Timori per l’aumento delle tasse

Come farà Burnham ad aumentare la spesa pubblica senza mettere in allarme i mercati? La risposta arriverebbe da una politica fiscale improntata all’aumento delle tasse. Più entrate e più spesa, quindi. Il rischio consiste nell’intensificare la fuga dei capitali, con 16.500 contribuenti ricchi che hanno lasciato il Regno Unito nel 2025. E’ il dato più alto di sempre e rappresenta anche un record mondiale. Ci sono numerose ipotesi allo studio: dall’aumento delle imposte sui “capital gains” all’introduzione di una patrimoniale, dalla revisione delle imposte locali con rimpiazzo della Council Tax a favore di una sorta di IMU in salsa britannica, passando per l’imposizione di una “exit tax” per coloro che trasferiscono la sede fiscale all’estero.

Da questo punto di vista, il Manchesterism diverrebbe la foglia di fico per coprire gli inasprimenti fiscali. Lo stato centrale li renderebbe possibili nei comuni senza sporcarsi direttamente le mani. Per il resto, la verità è che Burnham è stato scelto dai deputati laburisti non per le sue idee, bensì per la necessità di rimpiazzare Starmer con un leader più popolare per non sprofondare ulteriormente nei sondaggi e nei consensi reali. Nessuno sa, però, quale sia il suo programma. Bisogna considerare, ad esempio, che pur provenendo dall’ala progressista del partito, non potrà governare senza l’appoggio dell’ala centrista. E questa lo ha appoggiato, evidentemente pretendendo in cambio rassicurazioni sul nuovo corso economico.

Economia stagnante e debito rampante

L’economia britannica si trova in declino strutturale. E’ passata da un tasso di crescita del 2,9% medio nel periodo 1993-2008 all’1,2% per il periodo 2009-2025. La Brexit non ha aiutato con le sue incertezze giuridiche e relazionali con l’Unione Europea, ma non sembra essere stata la vera causa di questo trend negativo iniziato anni prima. Il rapporto tra debito e PIL è più che raddoppiato rispetto al periodo immediatamente precedente alla crisi finanziaria mondiale del 2007. La svolta dirigista può portare a nuovi debiti e ad un ulteriore rallentamento economico, accrescendo i dubbi sulla tenuta del debito. Ed è per questo che i rendimenti stanno salendo.
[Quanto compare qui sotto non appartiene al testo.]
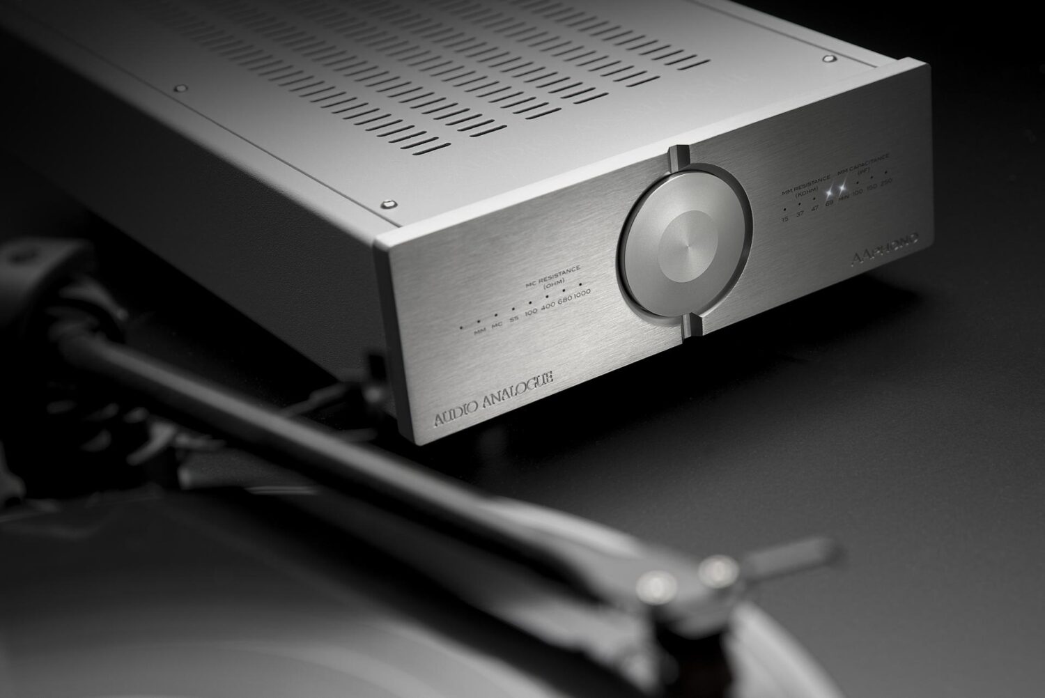 AAphono has been developed starting by a double operational amplifier configuration that permits to share the total gain between the two amplifiers having in this way a more precise RIAA response. A big effort was made to obtain a good result in this parameter using high quality and low tolerance components used in parallel configuration in order to uniform errors. In order to cancel eventual LP’s fluctuations a subsonic filter has been added between first and second amplifiers to avoid that strong low frequency oscillations would saturate the gain stages. The circuit design has been completed with an offset recover in the last stage and multiple filters in the power supply stage. There are three different toroidal transfomers to supply digital section and left and right analog sections, keeping ground connections separated. All passive components have been carefully selected. Capacitors used for RIAA curve equalization are all plastic film with low tolerance. AAphono is very versatile and simple to use. For MM cartridges it is possible to set the input’s capacitance and resistance, while for MC cartridges, it is possible to set input’s resistance. These regulations can be easily done simply pushing the corresponding buttons under the unit, just behind the front panel, without removing anything or without using many different switches. The selected configuration will remain settled also when the unit will be switched off or disconnected by the power network.
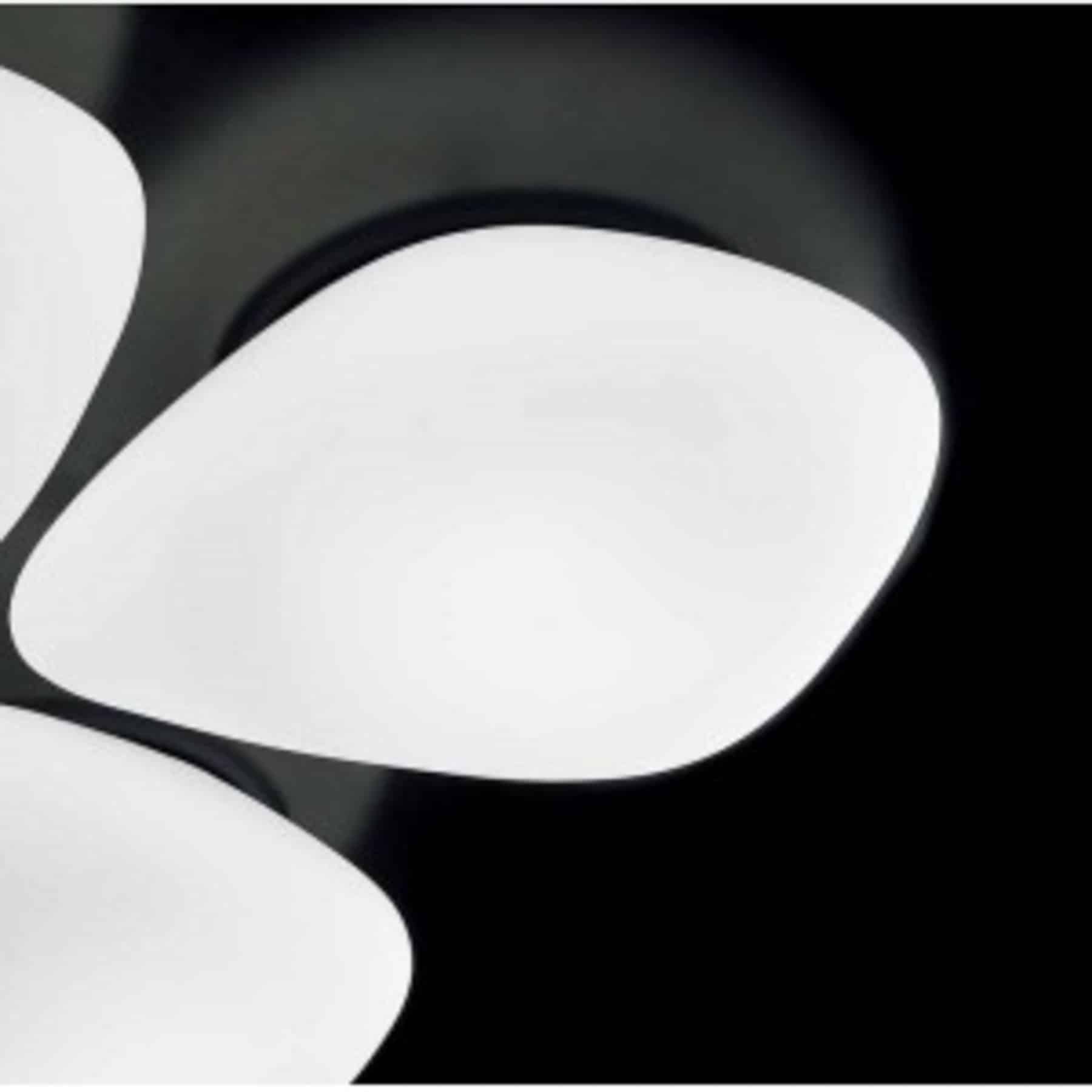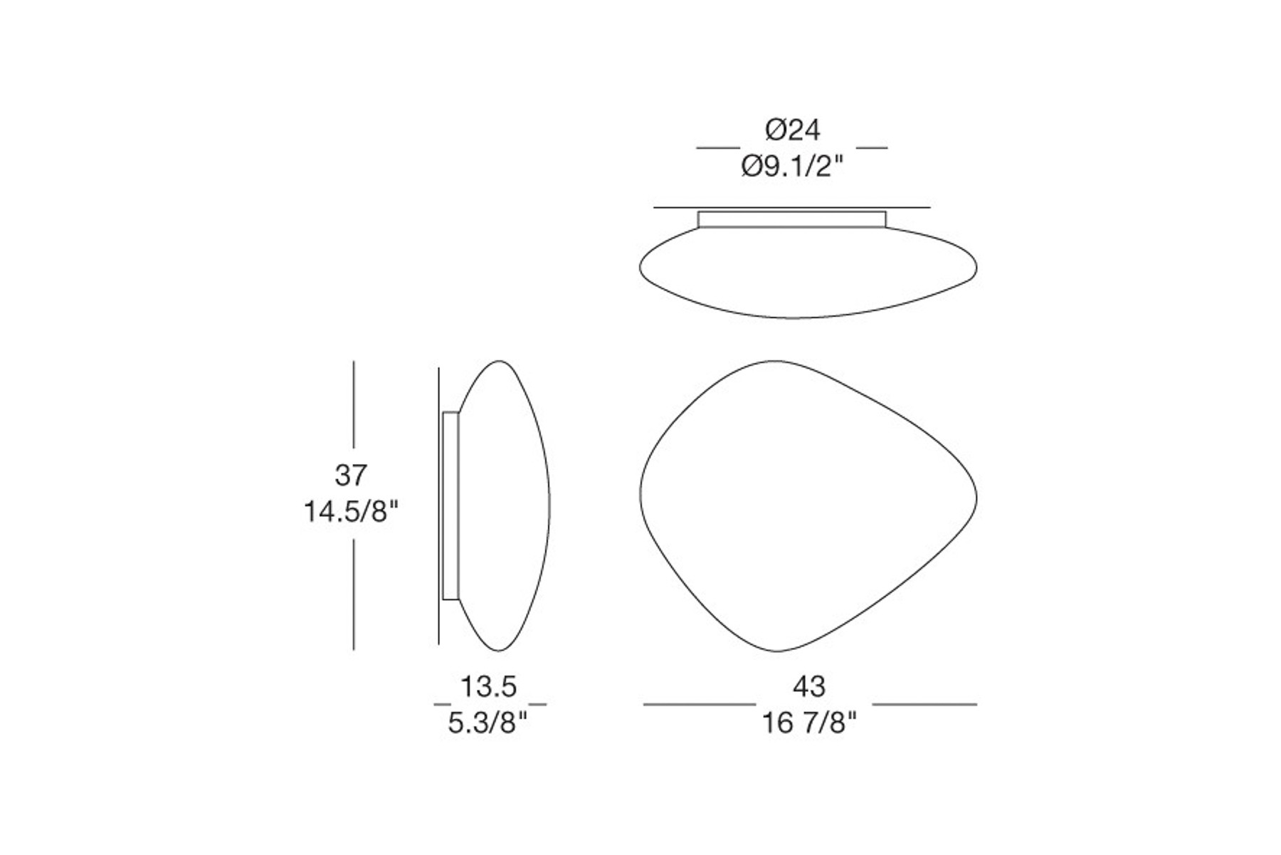 Lampada da parete/soffitto a luce diffusa. Paralume diffusore in Vetro soffiato, incamiciato colore biancolatte. Finitura satinata.
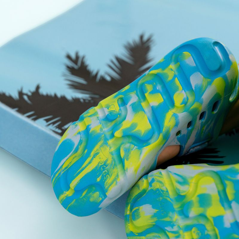 Te sandały SPLASH wyróżniają się niezwykle cienką i ultralekką podeszwą. Te wesołe, idealnie dopasowane letnie obuwie gwarantuje doskonały komfort chodzenia. Miękkie zapięcia na rzepy z tkaniny tworzą świeży kontrast kolorystyczny i zapewniają doskonałą regulację. Dzięki miękkiemu, jednolitemu materiałowi sandały doskonale radzą sobie z zabrudzeniami i wodą.
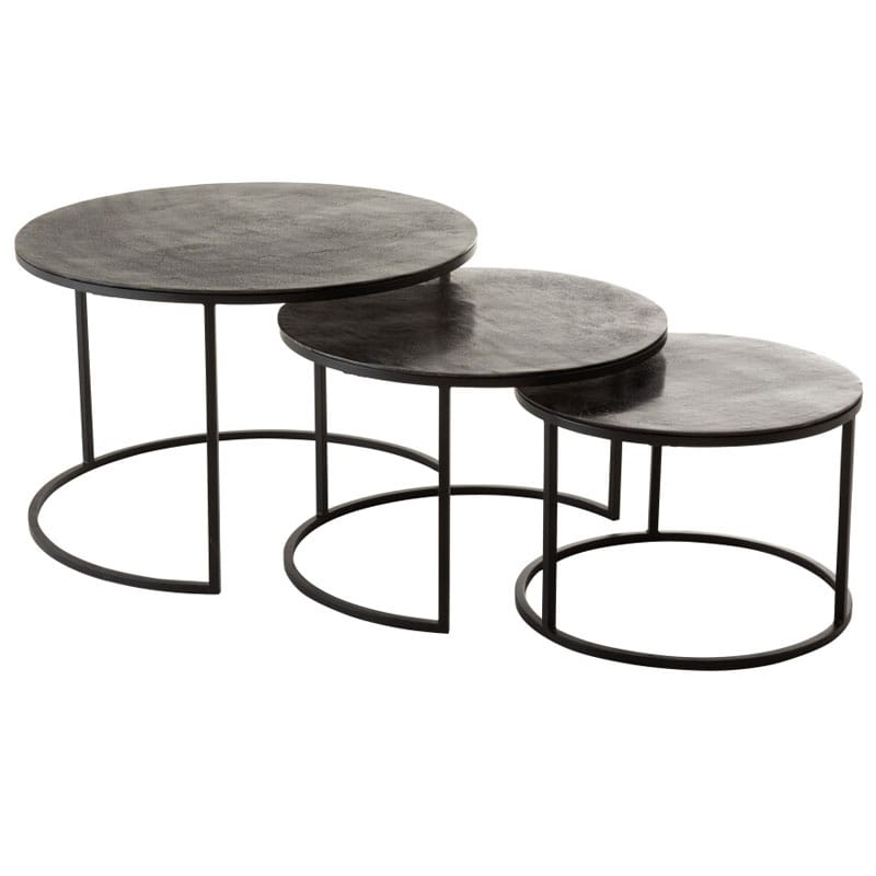 FINOO planten tafels zwart metaal set van 75cm + 59cm + 50cm breed
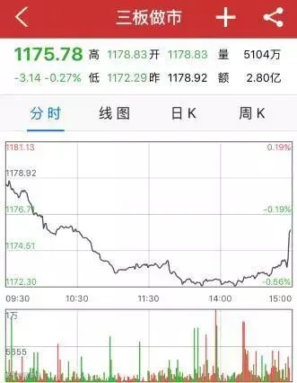 截至收盘,三板做市指数报1175.78点,跌3.14点,跌幅0.27%,成交额2.80亿元,创下自去年3月2日以来的收盘价新低。
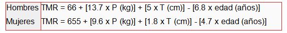 En primer lugar, veremos como calcular la Tasa Metabólica en Reposo (TMR), podemos hacerlo aplicando la fórmula que se expone a continuación según la O.M.S.
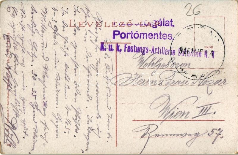 1916 Komárom, Komárnó; hajógyár / Schiff-Fabrik / ship factory + "K.u.K. Festungs-Artillerie Bataillon N. 1. Hadiszolgálat Portómentes"
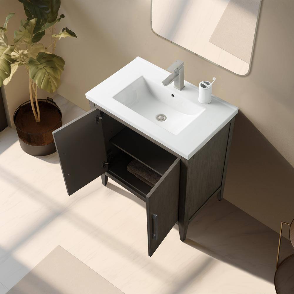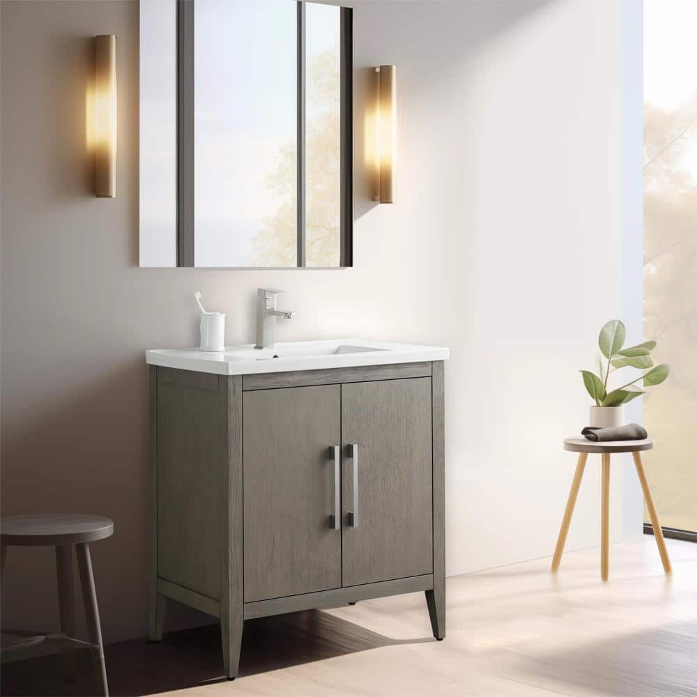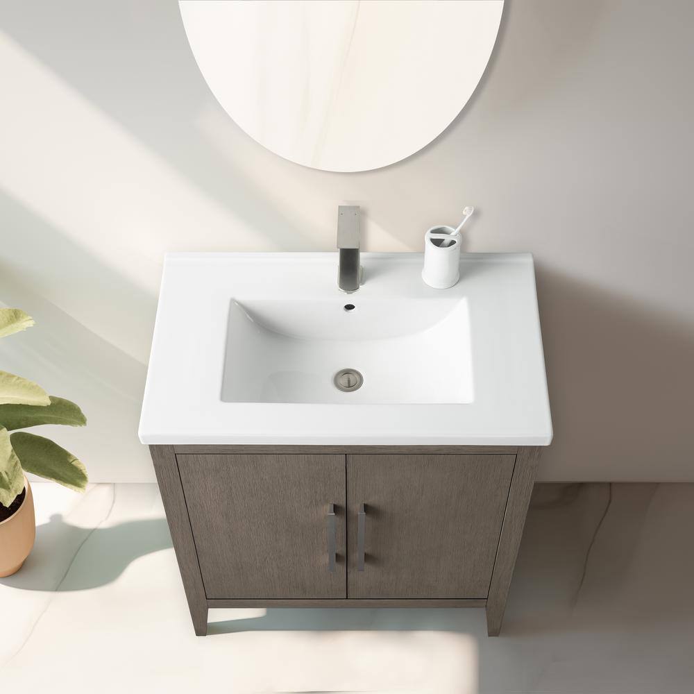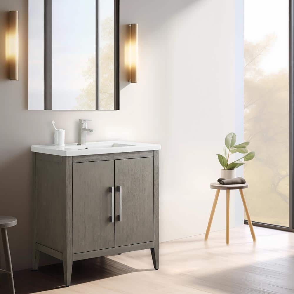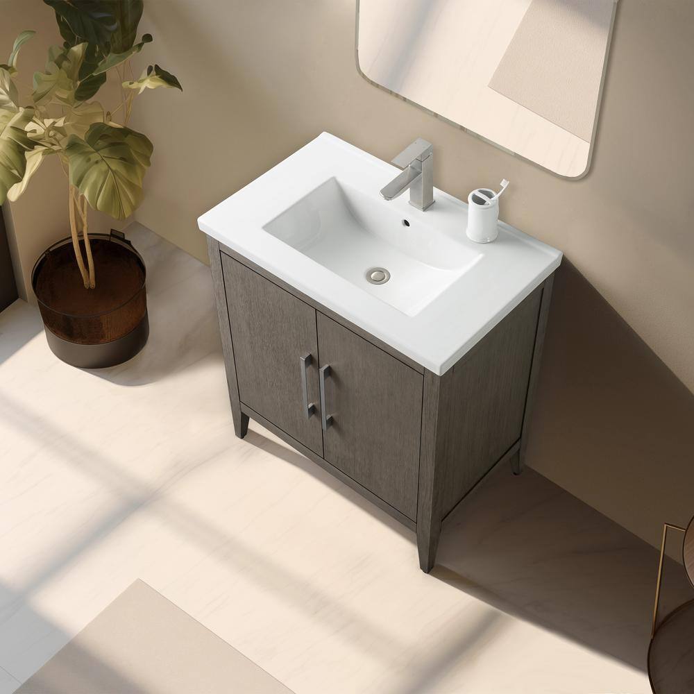 The Vanity Art 30 in. Single Sink Bathroom Vanity blends elegance with practicality, featuring a durable ceramic top and poplar wood cabinet for a stylish, inviting look. Its driftwood gray finish complements any modern decor, while offering ample storage with adjustable shelves to keep your bathroom essentials organized.

Manchesterim: primo bilancio entro 90 giorni

C’è anche una questione politico-istituzionale dietro le tensioni finanziarie. In media, nell’ultimo decennio un governo è durato poco più di un anno e mezzo. L’instabilità è diventata una costante a Londra, un tempo ancora di stabilità. I due principali partiti tradizionali – Tories e Labour – messi assieme non raggiungono il 40% dei consensi. Burnham dovrà dimostrare entro la presentazione del nuovo bilancio a fine ottobre di volere e sapere svoltare sull’economia, altrimenti elettori e Parlamento non gli assegneranno quasi certamente alcun tempo supplementare. Ma la fretta può risultargli fatale. Già montano le polemiche attorno a due provvedimenti ventilati: l’azzeramento dell’IVA nella bolletta della luce e l’aumento delle detrazioni sui redditi. Con quali coperture finanziarie saranno presi questi due provvedimenti, che comportano un calo del gettito fiscale?